Bank of Italy approved Banca Sella’s notification to offer crypto custody and transfer services to selected customers beginning in 2026 under the EU MiCA rules.

Banca Sella completed its notification process with the Bank of Italy and received approval to offer crypto custody and transfer services to selected customers starting in 2026 under the EU Markets in Crypto Assets framework, known as MiCA.

The approval allows a limited rollout of digital-asset custody and transfer functions in 2026 at the earliest. Services will be available only to defined customer groups initially while the bank tests operational processes, compliance controls and technology.

Under MiCA, banks, exchanges and other providers operate within a clearer legal framework for issuance, custody and transfer of crypto assets and certain tokenized instruments. The notification to the Bank of Italy is a formal procedure required for banks seeking to offer regulated crypto services from within the banking sector.

Banca Sella stated it has developed internal capabilities in distributed ledger technology and digital-asset operations and has participated in trials run by the Bank of Italy’s Fintech Milano Hub since 2022.

The group is a founding member of Qivalis, a consortium of 37 European banks working on a euro-backed stablecoin and related settlement infrastructure.
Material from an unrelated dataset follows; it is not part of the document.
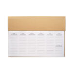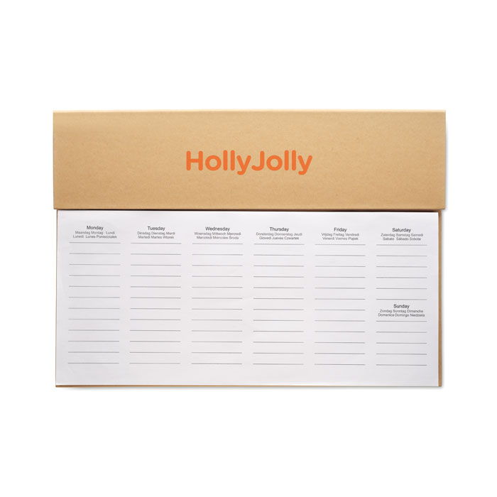 125-leheküljeline nädalaplaanimisraamat, 6 keeles, kraftpaberköites. Komplektis pliiats, puidust joonlaud ja memopaber

The consortium is testing how tokenized forms of fiat might be used for faster or more programmable settlement between financial institutions.

Andrea Tessera, managing director of digital banking at Banca Sella, commented: “The evolution of payments toward instant, interoperable, and programmable models is redefining financial infrastructures at the European and global levels.”

Banca Sella noted that operational and regulatory controls are part of its rollout plan and that initial customer restrictions reflect a phased approach while systems and compliance procedures are implemented.

The approval is an early example in Italy of a regulated bank preparing to offer services that had previously been handled largely outside traditional banking channels. Other lenders in Italy are also working on compliance checks and infrastructure upgrades under MiCA.